◆ TASK DESCRIPTION:
All pictures must be left out as you transcribe the lines from the first line of the data to the line containing "audio jacks |", both included.

◆ AVAILABLE DATA:
━━━━━━━━━━━━━━━━

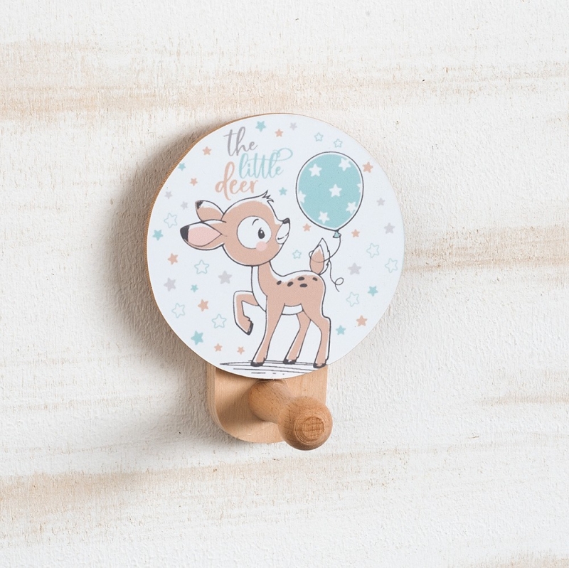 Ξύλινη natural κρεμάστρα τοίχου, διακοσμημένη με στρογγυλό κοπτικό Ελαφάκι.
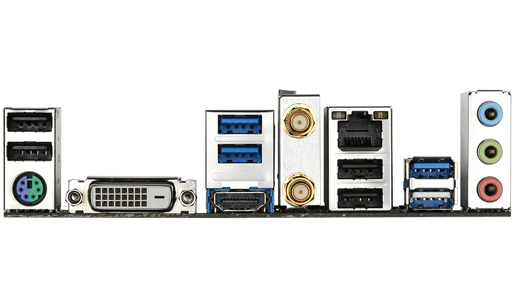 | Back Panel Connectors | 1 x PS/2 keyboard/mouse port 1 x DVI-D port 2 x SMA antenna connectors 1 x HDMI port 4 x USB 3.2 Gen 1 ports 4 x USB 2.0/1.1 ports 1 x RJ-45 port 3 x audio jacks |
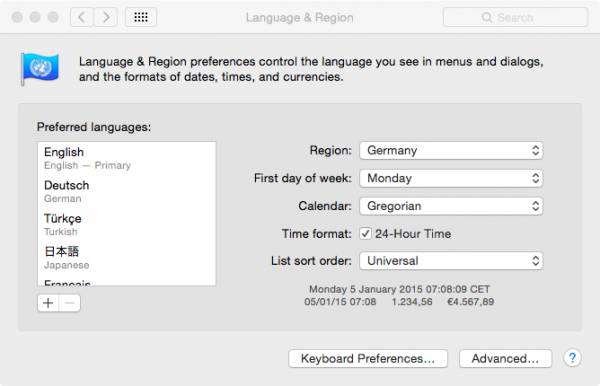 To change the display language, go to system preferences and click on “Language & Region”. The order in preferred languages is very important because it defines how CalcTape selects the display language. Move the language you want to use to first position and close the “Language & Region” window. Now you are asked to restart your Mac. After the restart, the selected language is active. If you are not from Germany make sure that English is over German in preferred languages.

━━━━━━━━━━━━━━━━

◆ SOLVED EXERCISE:
 Ξύλινη natural κρεμάστρα τοίχου, διακοσμημένη με στρογγυλό κοπτικό Ελαφάκι.
 | Back Panel Connectors | 1 x PS/2 keyboard/mouse port 1 x DVI-D port 2 x SMA antenna connectors 1 x HDMI port 4 x USB 3.2 Gen 1 ports 4 x USB 2.0/1.1 ports 1 x RJ-45 port 3 x audio jacks |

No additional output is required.